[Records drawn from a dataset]
__________
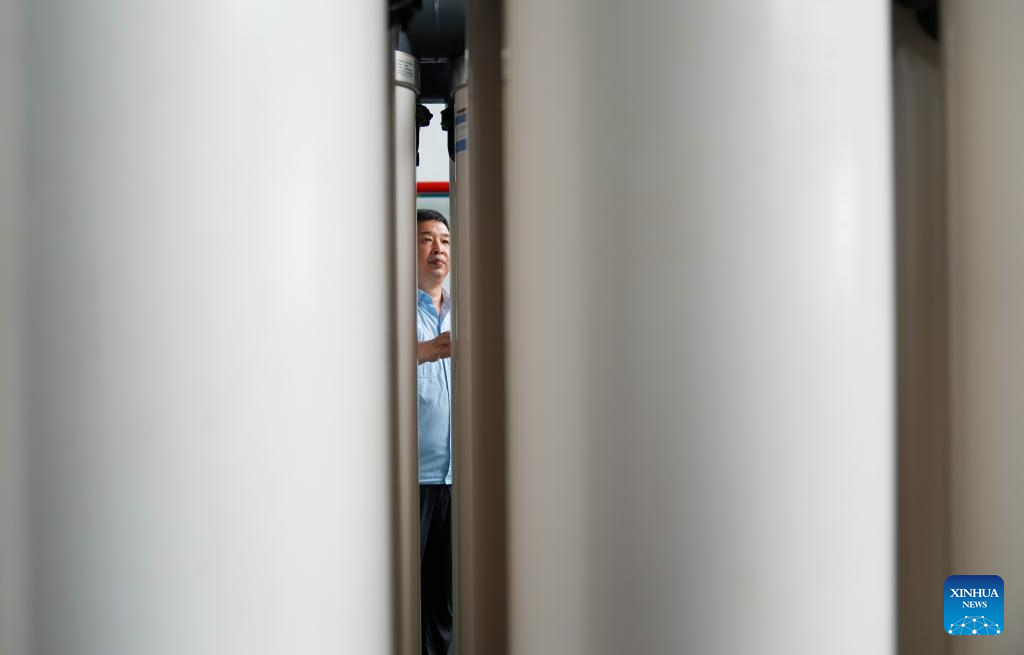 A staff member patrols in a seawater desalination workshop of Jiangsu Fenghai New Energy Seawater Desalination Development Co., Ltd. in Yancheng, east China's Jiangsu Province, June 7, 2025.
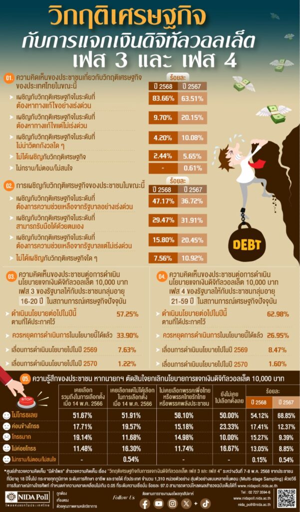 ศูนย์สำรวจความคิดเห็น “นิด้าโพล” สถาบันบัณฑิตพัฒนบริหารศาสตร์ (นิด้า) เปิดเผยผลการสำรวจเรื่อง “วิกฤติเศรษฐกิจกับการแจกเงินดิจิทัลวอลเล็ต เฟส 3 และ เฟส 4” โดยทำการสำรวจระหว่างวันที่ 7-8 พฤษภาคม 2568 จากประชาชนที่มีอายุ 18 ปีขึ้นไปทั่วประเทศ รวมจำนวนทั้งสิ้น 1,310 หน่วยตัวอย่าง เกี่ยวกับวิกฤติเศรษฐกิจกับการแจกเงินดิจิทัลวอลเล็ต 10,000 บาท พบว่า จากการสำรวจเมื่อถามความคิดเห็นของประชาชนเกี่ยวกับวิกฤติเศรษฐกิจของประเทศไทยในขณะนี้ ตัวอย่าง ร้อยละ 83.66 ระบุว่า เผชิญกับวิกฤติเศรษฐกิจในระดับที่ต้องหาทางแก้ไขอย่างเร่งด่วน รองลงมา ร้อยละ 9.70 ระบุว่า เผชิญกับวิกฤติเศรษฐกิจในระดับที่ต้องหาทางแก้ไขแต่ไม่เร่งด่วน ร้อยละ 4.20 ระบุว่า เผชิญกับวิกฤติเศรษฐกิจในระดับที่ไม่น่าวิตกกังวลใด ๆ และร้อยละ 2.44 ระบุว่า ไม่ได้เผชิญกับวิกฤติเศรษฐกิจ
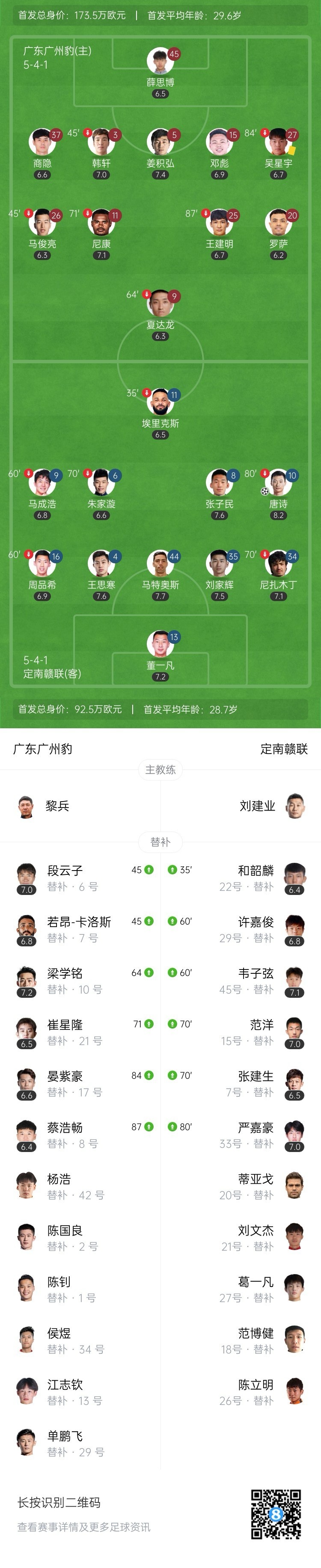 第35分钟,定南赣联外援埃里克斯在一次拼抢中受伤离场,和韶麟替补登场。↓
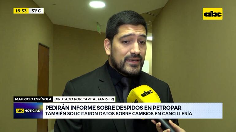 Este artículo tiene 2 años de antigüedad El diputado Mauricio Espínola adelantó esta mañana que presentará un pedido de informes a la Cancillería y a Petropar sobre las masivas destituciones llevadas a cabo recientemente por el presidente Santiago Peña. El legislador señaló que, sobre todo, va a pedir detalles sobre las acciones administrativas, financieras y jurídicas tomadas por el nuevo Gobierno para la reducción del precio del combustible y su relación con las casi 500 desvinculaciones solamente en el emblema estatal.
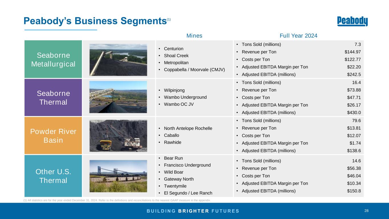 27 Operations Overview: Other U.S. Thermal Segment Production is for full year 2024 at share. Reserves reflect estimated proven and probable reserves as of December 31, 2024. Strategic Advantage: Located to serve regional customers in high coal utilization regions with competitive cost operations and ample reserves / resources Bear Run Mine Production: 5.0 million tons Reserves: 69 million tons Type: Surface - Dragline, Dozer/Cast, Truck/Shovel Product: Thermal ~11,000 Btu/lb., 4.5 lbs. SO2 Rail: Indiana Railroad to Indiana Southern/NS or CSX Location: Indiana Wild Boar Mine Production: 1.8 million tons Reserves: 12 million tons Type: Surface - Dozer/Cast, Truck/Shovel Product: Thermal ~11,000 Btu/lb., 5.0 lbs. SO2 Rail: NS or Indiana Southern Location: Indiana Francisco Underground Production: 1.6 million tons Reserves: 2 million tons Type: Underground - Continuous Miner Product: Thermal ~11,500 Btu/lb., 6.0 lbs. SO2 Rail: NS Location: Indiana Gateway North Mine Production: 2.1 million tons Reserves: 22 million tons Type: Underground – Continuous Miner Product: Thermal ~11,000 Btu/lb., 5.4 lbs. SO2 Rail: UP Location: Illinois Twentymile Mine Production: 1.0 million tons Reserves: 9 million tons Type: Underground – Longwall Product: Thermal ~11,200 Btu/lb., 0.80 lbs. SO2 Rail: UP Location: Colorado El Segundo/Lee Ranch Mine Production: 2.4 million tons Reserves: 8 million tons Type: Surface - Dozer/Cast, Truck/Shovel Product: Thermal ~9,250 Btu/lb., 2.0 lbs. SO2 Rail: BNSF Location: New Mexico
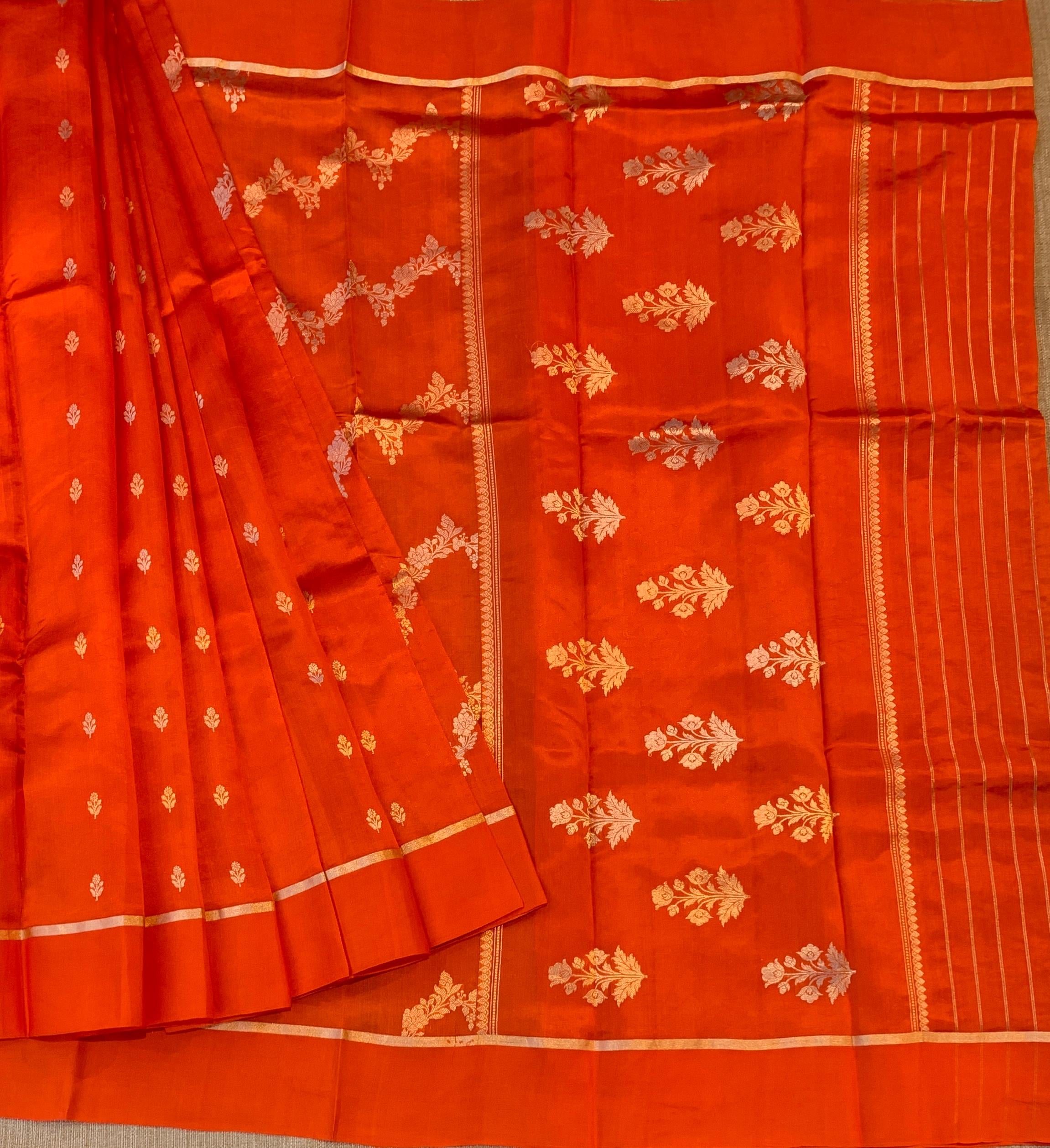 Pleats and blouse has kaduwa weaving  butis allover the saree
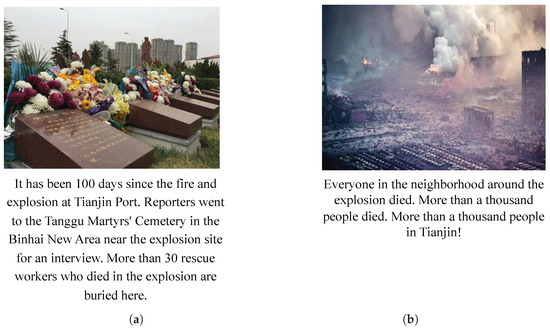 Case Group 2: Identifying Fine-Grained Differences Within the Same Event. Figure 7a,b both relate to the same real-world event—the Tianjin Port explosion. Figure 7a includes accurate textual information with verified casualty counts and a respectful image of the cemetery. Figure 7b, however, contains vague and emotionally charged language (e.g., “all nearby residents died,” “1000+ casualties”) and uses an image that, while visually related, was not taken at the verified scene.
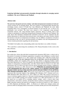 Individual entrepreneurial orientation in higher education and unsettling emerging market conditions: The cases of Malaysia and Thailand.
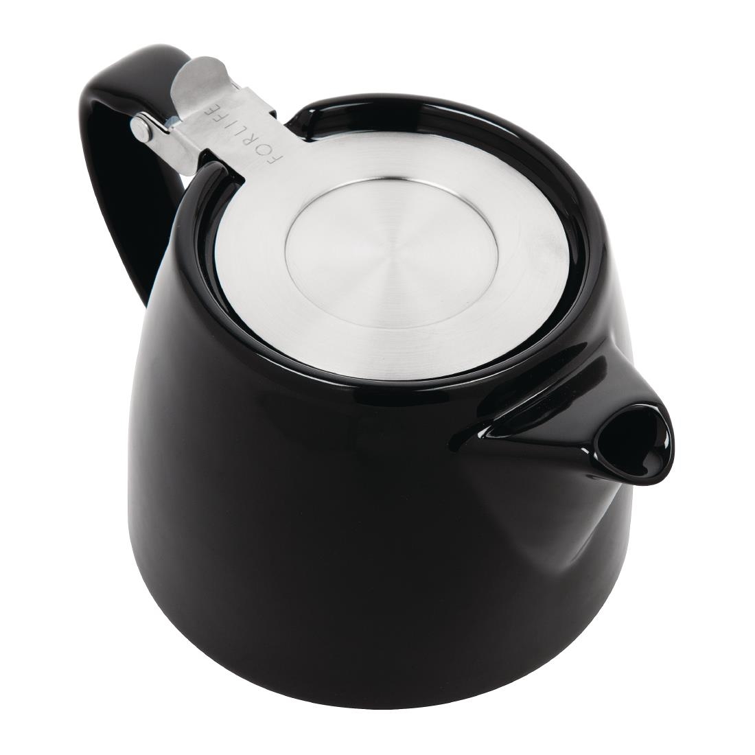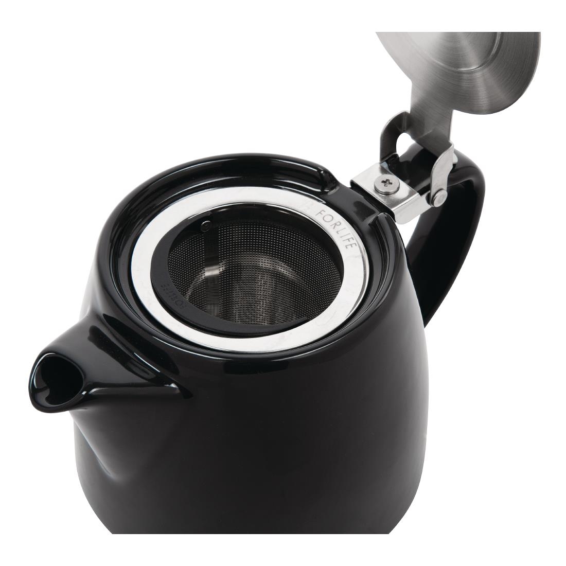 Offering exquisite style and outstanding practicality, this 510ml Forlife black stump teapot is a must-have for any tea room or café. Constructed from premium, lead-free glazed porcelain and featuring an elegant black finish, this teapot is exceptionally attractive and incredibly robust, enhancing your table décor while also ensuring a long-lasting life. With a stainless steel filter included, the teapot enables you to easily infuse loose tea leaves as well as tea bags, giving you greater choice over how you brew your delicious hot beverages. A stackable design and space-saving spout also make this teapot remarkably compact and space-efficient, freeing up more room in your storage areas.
__________
# Work to be completed
Needed here is a verbatim copy of the data from the first line through the line with "第35分钟,定南赣联外援埃里克斯在一次拼抢中受伤离场,和韶麟替补登场。↓", without pictures.

# Expected answer
 A staff member patrols in a seawater desalination workshop of Jiangsu Fenghai New Energy Seawater Desalination Development Co., Ltd. in Yancheng, east China's Jiangsu Province, June 7, 2025.
 ศูนย์สำรวจความคิดเห็น “นิด้าโพล” สถาบันบัณฑิตพัฒนบริหารศาสตร์ (นิด้า) เปิดเผยผลการสำรวจเรื่อง “วิกฤติเศรษฐกิจกับการแจกเงินดิจิทัลวอลเล็ต เฟส 3 และ เฟส 4” โดยทำการสำรวจระหว่างวันที่ 7-8 พฤษภาคม 2568 จากประชาชนที่มีอายุ 18 ปีขึ้นไปทั่วประเทศ รวมจำนวนทั้งสิ้น 1,310 หน่วยตัวอย่าง เกี่ยวกับวิกฤติเศรษฐกิจกับการแจกเงินดิจิทัลวอลเล็ต 10,000 บาท พบว่า จากการสำรวจเมื่อถามความคิดเห็นของประชาชนเกี่ยวกับวิกฤติเศรษฐกิจของประเทศไทยในขณะนี้ ตัวอย่าง ร้อยละ 83.66 ระบุว่า เผชิญกับวิกฤติเศรษฐกิจในระดับที่ต้องหาทางแก้ไขอย่างเร่งด่วน รองลงมา ร้อยละ 9.70 ระบุว่า เผชิญกับวิกฤติเศรษฐกิจในระดับที่ต้องหาทางแก้ไขแต่ไม่เร่งด่วน ร้อยละ 4.20 ระบุว่า เผชิญกับวิกฤติเศรษฐกิจในระดับที่ไม่น่าวิตกกังวลใด ๆ และร้อยละ 2.44 ระบุว่า ไม่ได้เผชิญกับวิกฤติเศรษฐกิจ
 第35分钟,定南赣联外援埃里克斯在一次拼抢中受伤离场,和韶麟替补登场。↓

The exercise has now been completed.